4 February 2008

It’s all about geometry: protein contact surfaces hold key to cures

Supercomputer powers tool to reveal hidden interactions
UCSD News: 31 January 2008
Your mother always told you to do your geometry homework, and for scientists seeking new treatments for diseases like Parkinson’s and Alzheimer’s, this advice turns out to be right on the mark.

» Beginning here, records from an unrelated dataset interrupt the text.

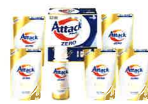
花王 アタックZEROギフト <K-AB-30>
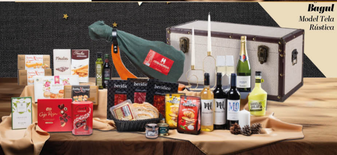
Bagul Model Tela Rústica
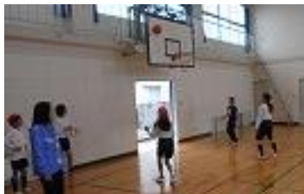
中部中→中部西小：バスケットボール

In the atomic-level landscape of proteins, shape determines the all-important function of these molecules of life. For example, when a protein molecule responsible for Parkinson’s binds with the cell membrane, will a new drug candidate interrupt this interaction -- preventing disease progression and protecting the patient" It all depends on the precise geometry and energy of the protein structures.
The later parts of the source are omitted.